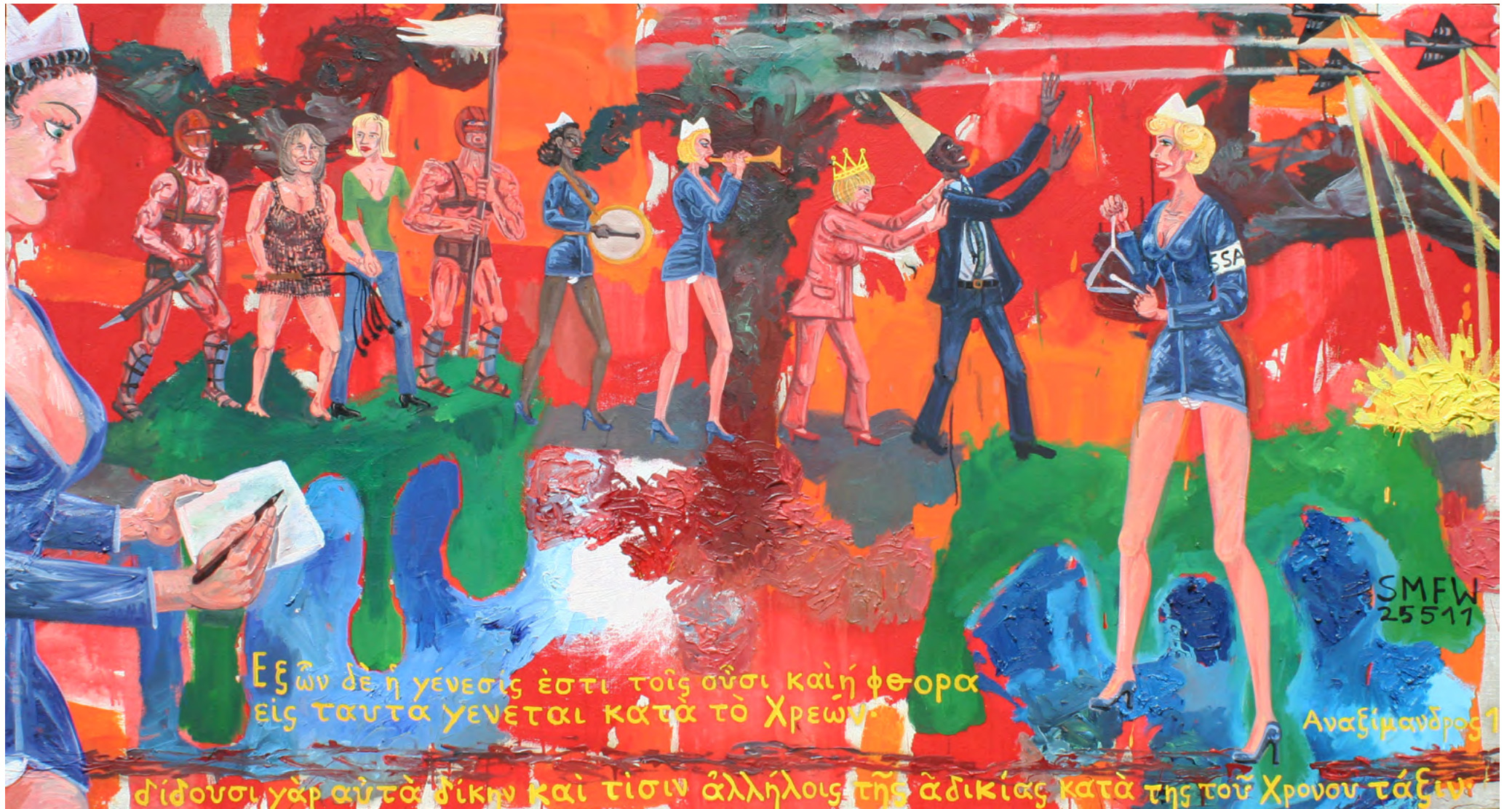
DER SPRUCH DES ANAXIMANDER, Oil on Canvas, 185 x 100 cm, 2011
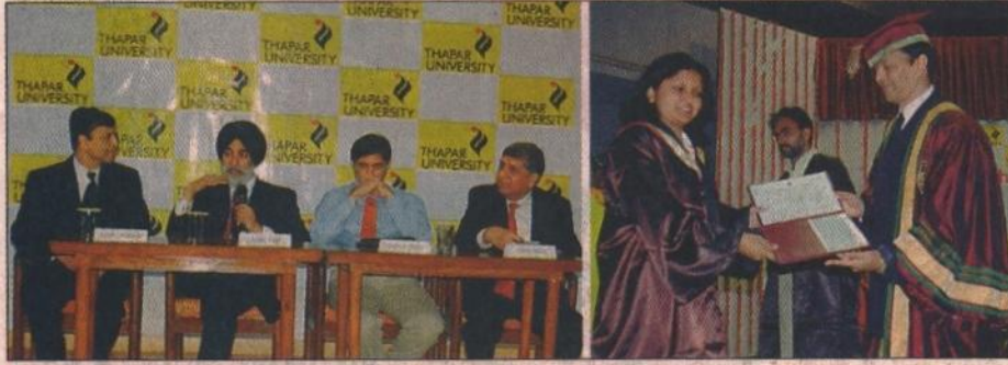
► थापर वि.वि. के दीक्षांत समारोह में डिग्रियां वितरित करने का दृश्य।
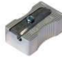
Sacapuntas de acero
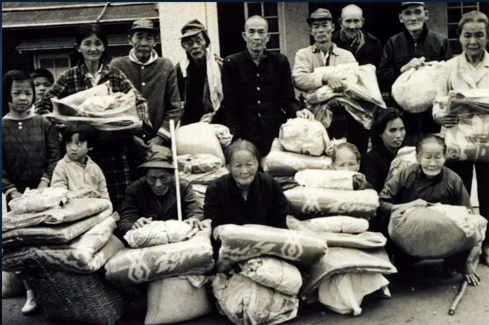
1969年2月9日，濟功德會在普明寺第一次辦理冬令救濟發放。
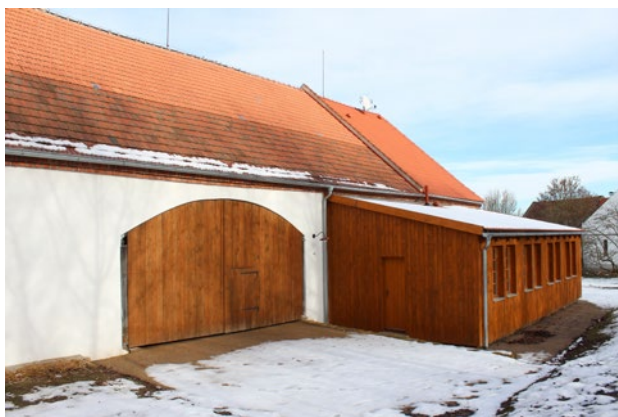
Obr. 6. Plzeň-Bolevec, selský statek U Matoušů čp. 1. Stodola s dřevěnou přístavbou, kde vzniklo zázemí pro aktivitu objektu.
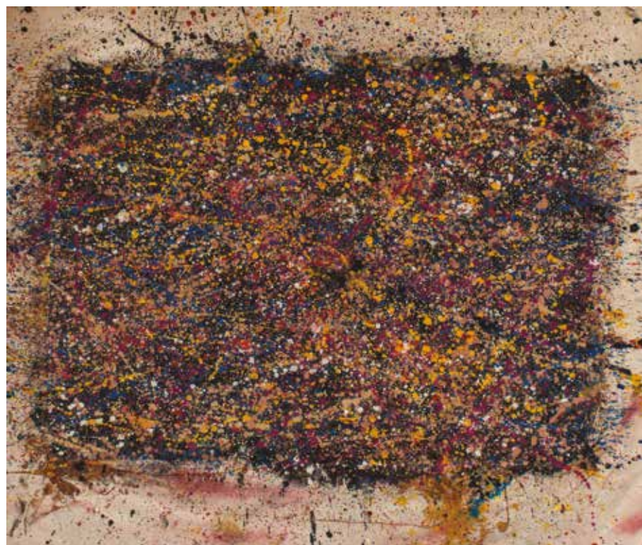
Improvizations - Sonic Landscape 1 ▲ Acrylic polymer paint, paper, canvas 105 x 89 cm 2020
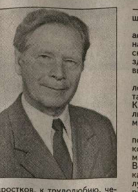
—воздушного боя в авиационных подразделениях. Секретарь партийной ячейки аспирантов МГУ, молчаливый — на глазах соседей по общежитийской комнате, — умирал за здоровьем умирающего брата. И вымолвил исцеление.
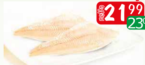
morszczuk fil b/s 60-200 shp luz
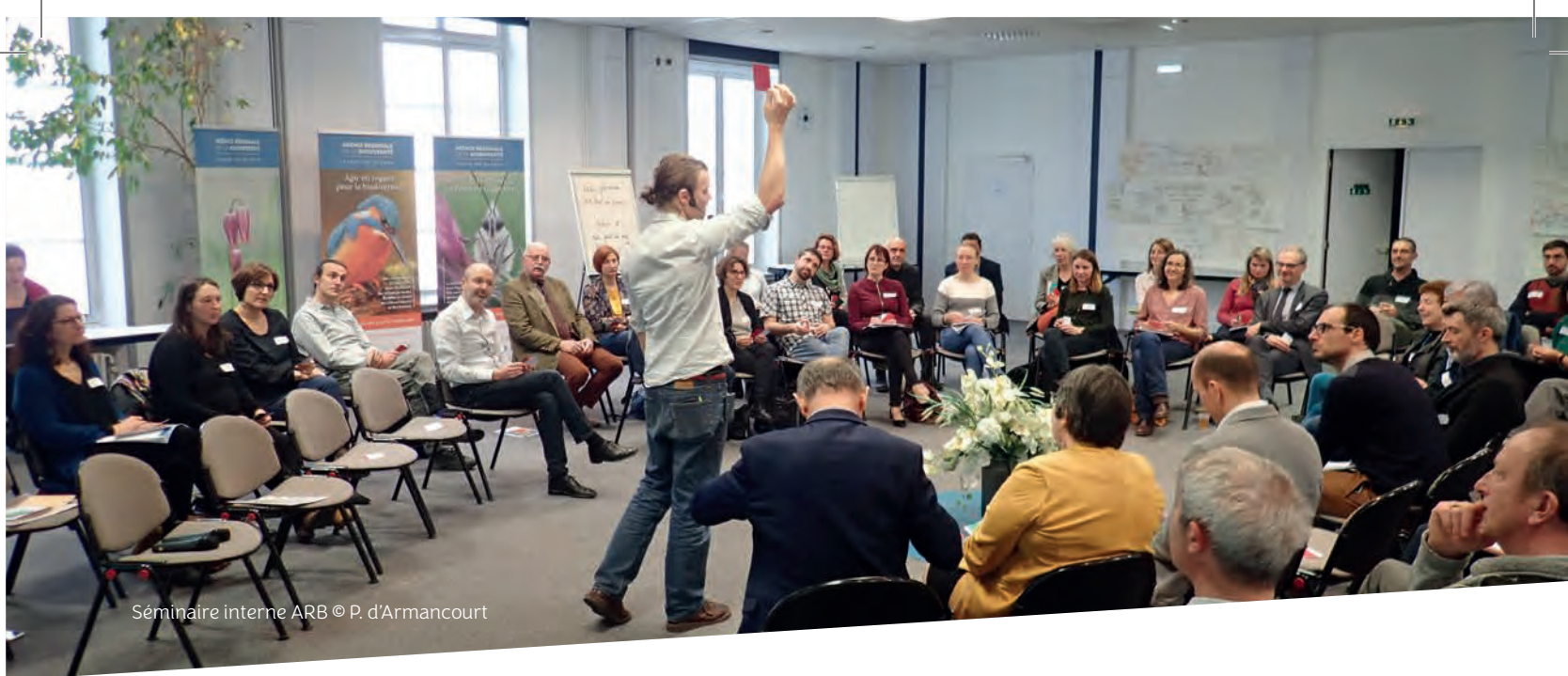
Séminaire interne ARB
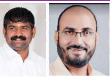
प्रशासकीय कालावधीतील पंधराव्या केंद्रीय वित्त आयोगांतर्गत मंजूर झालेला निधी संबंधित वर्षांमध्ये बीड नगर परिषदेला प्राप्त झाला नव्हता. सदर प्रलंबित निधी आता चालू वर्षात एकरित स्वरूपात नगर परिषदेला

To do »
In the entries above, find the line containing "करने का दृश्य।" and the line containing "Séminaire interne ARB"; give again exactly those two lines and every line between them, minus the pictures.

Solution to this problem »
► थापर वि.वि. के दीक्षांत समारोह में डिग्रियां वितरित करने का दृश्य।
Sacapuntas de acero
1969年2月9日，濟功德會在普明寺第一次辦理冬令救濟發放。
Obr. 6. Plzeň-Bolevec, selský statek U Matoušů čp. 1. Stodola s dřevěnou přístavbou, kde vzniklo zázemí pro aktivitu objektu.
Improvizations - Sonic Landscape 1 ▲ Acrylic polymer paint, paper, canvas 105 x 89 cm 2020
—воздушного боя в авиационных подразделениях. Секретарь партийной ячейки аспирантов МГУ, молчаливый — на глазах соседей по общежитийской комнате, — умирал за здоровьем умирающего брата. И вымолвил исцеление.
morszczuk fil b/s 60-200 shp luz
Séminaire interne ARB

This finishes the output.